Sürekli oyuncu değiştirerek ön alandaki savunmayı güçlendirmeye çalışan Spahija ilk yarı sonunda beklediği katkıyı Hakan Demirel’den alsa da, 20 dakikalık bölümde 11’de 1 üçlük atıp, 6 da faul kaçıran Fenerbahçe, hiç geri adım atmayan ve Furkan ile Andric’i de devreye sokmayı başaran Galatasaray karşısında soyunma odasına geride gitmekten kurtulamadı.
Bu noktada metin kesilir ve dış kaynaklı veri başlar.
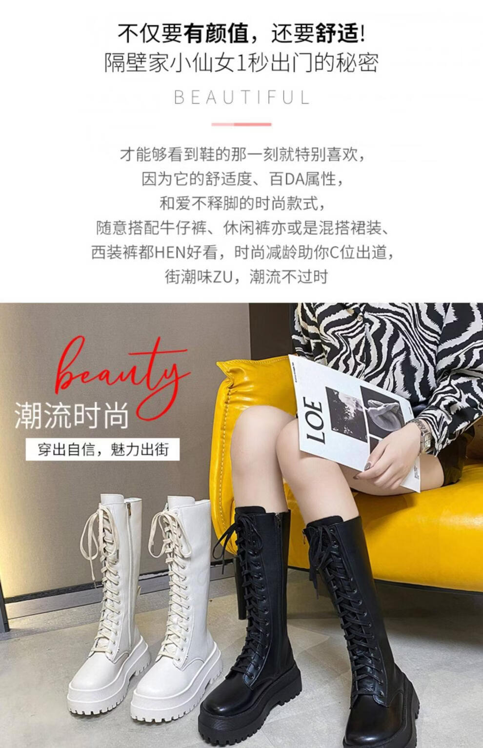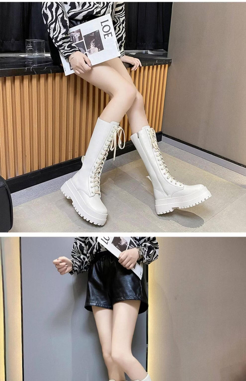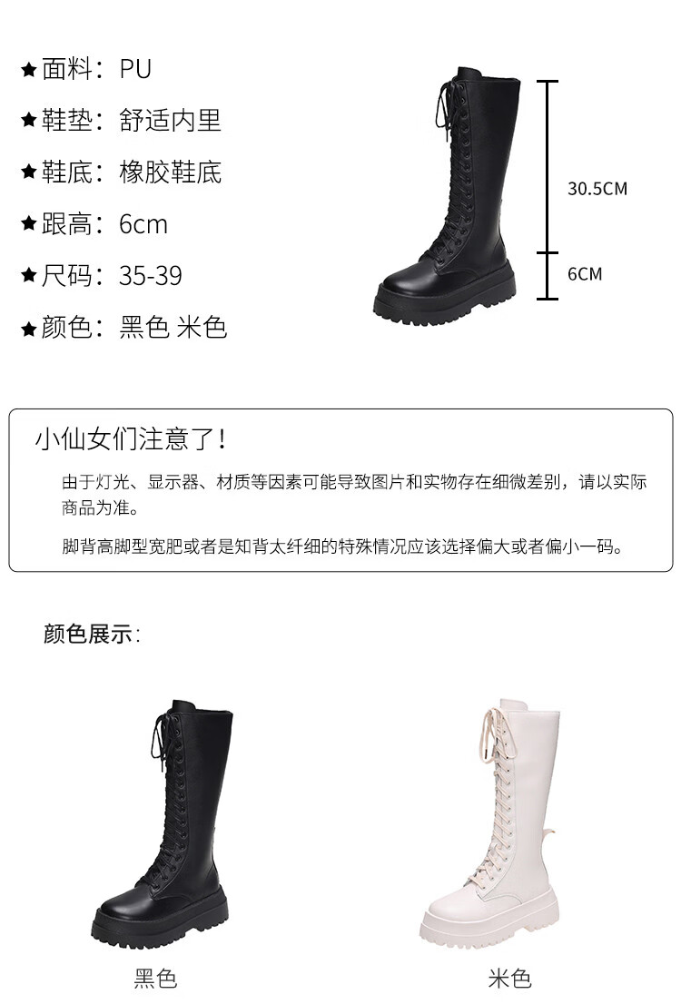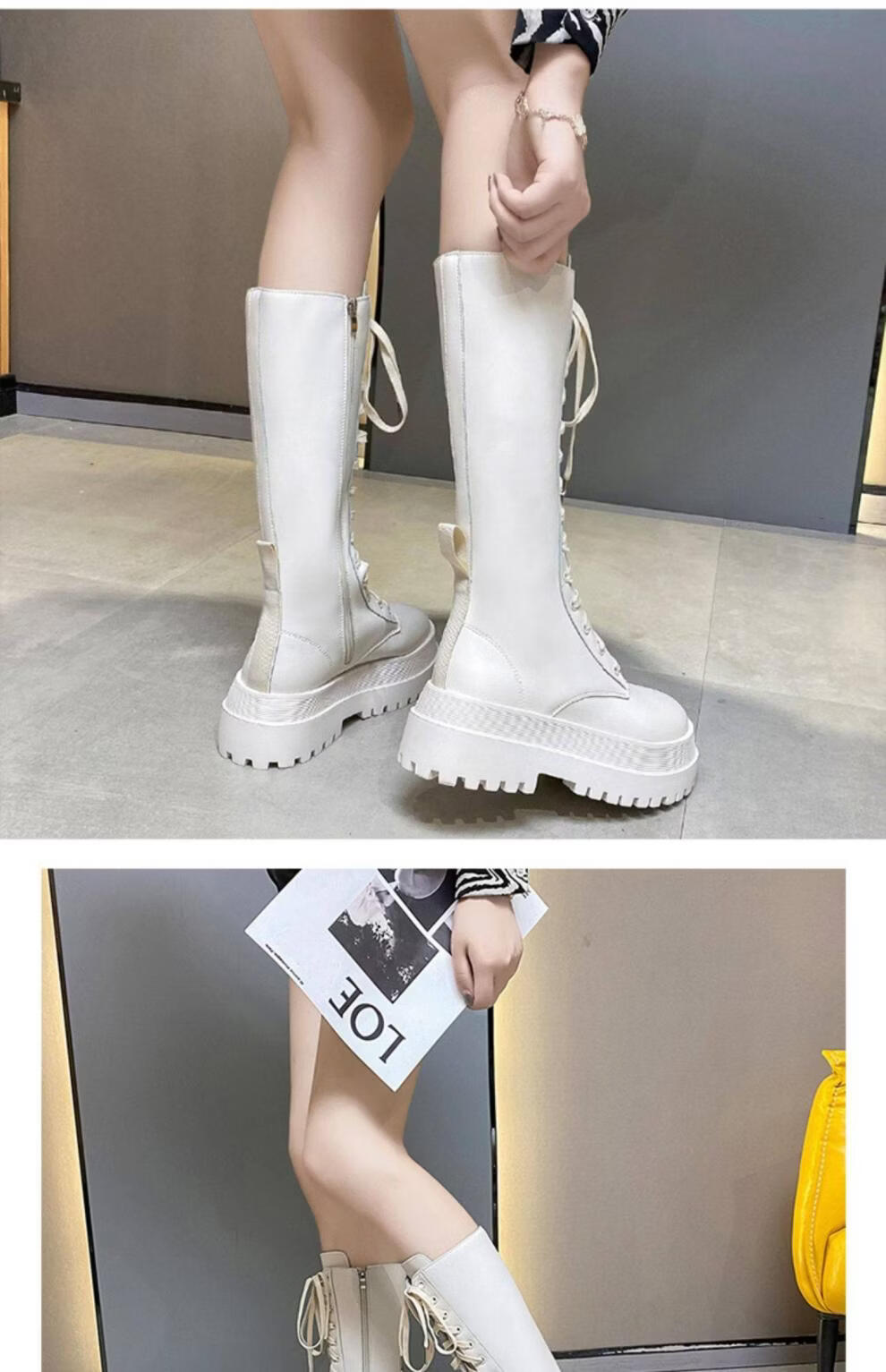 稻草人(MEXICAN)骑士靴女2026新款秋冬厚底小个子中长筒加绒马丁靴高筒白色机车靴 米白色 35
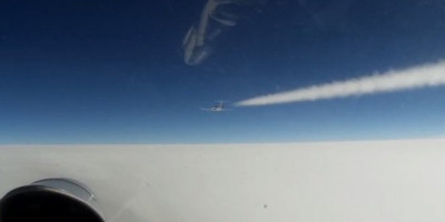 Na snimcima iz pilotske kabine vidi se kako lovac leti pored strateškog izviđačkog aviona RC-135 američkog ratnog vazduhoplovstva i izviđačkog aviona švedskog vazduhoplovstva „Golfstrim“.
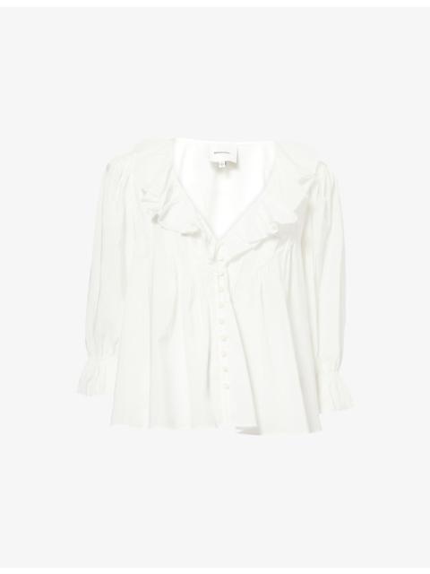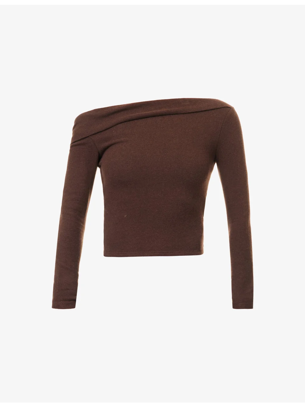 PRODUCT DETAILS - Reformation knitted top - 67% lyocell, 29% cotton, 4% elastane - Slim fit, asymmetric off-shoulder neckline, fold-over at neckline, long sleeves, brushed texture - Hand wash - True to size - Model is 5ft 10in/1.78m and wears a size small - Lightweight, stretchy Ref: R04535193
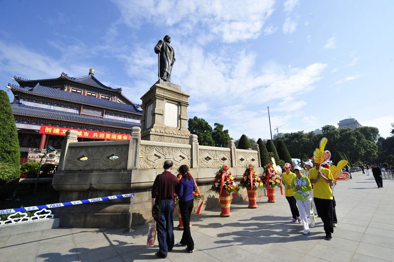 11月12日上午9點(diǎn)左右,市民、游客來(lái)到中山紀(jì)念堂參觀游覽,11月12日是偉大的民主革命先行者孫中山誕辰144周年紀(jì)念日。當(dāng)日,第十六屆亞洲運(yùn)動(dòng)會(huì)即將在廣州開(kāi)幕。新華社記者梁旭攝

İkinci yarının başında Fenerbahçe Ülker, Engin ile kıpırdanıp boyalı alanı daha çok kullanmaya çalışsa da, 3. çeyreği 6’da 5 üç sayı isabetiyle tamamlayan Galatasaray, skoru önde götürmeyi başarıyordu. Hem içeriden hem dışarıdan çok rahat skor bulan Galatasaray’ın son haftalardaki en büyük zaafı alan savunmasına hücum iken, Spahija’nın bunu hiç denememiş olması şaşırtırıcıydı. Belki de rakibin üçlük yıldızı Hırvat çalıştırıcının bu kararı almasın engelledi.
Rüzgâr bir anda terse döndü
Galatasaray’da ise Lakovic, Göksenin ve Shumpert’ın bilekleri öyle ısınmıştı ki, Tutku da onlara eşlik edince 34. dakikada fark 11 sayıya yükseldi. İşte o anda Spahija’nın maçı kazandıran savunma hamlesi geldi, Tomas’ı 4 numaraya çekti. Fenerbahçe sahada tek uzun Oğuz’la kaldı, inanılmaz bir baskı ile rakibini potaya baktırmadı. Hücumda da 30 saniye içine iki üçlük sığdıran Tomas sazı eline alınca, rüzgâr bir anda terse döndü, 18-3’lük seri, derbide Fenerbahçe’yi güldürdü.
Dün gecenin en çirkin görüntüsü taraftarların çıkardığı olaylardı. Daha maç başlamadan edilen küfürler, 40 dakika boyunca da belli aralıklarla sahne aldı, tribünlerden yabancı maddeler yağdı, anonslar yapıldı. Ne yazık ki, Türk Basketbolu dün gece ağır bir yara daha aldı. Çok merak ediyorum, bu olayları çıkartanlar, yeni salonlarındaki ilk maçta takımlarını seyircisiz oynama tehlikesiyle baş başa bıraktıklarının farkında mı?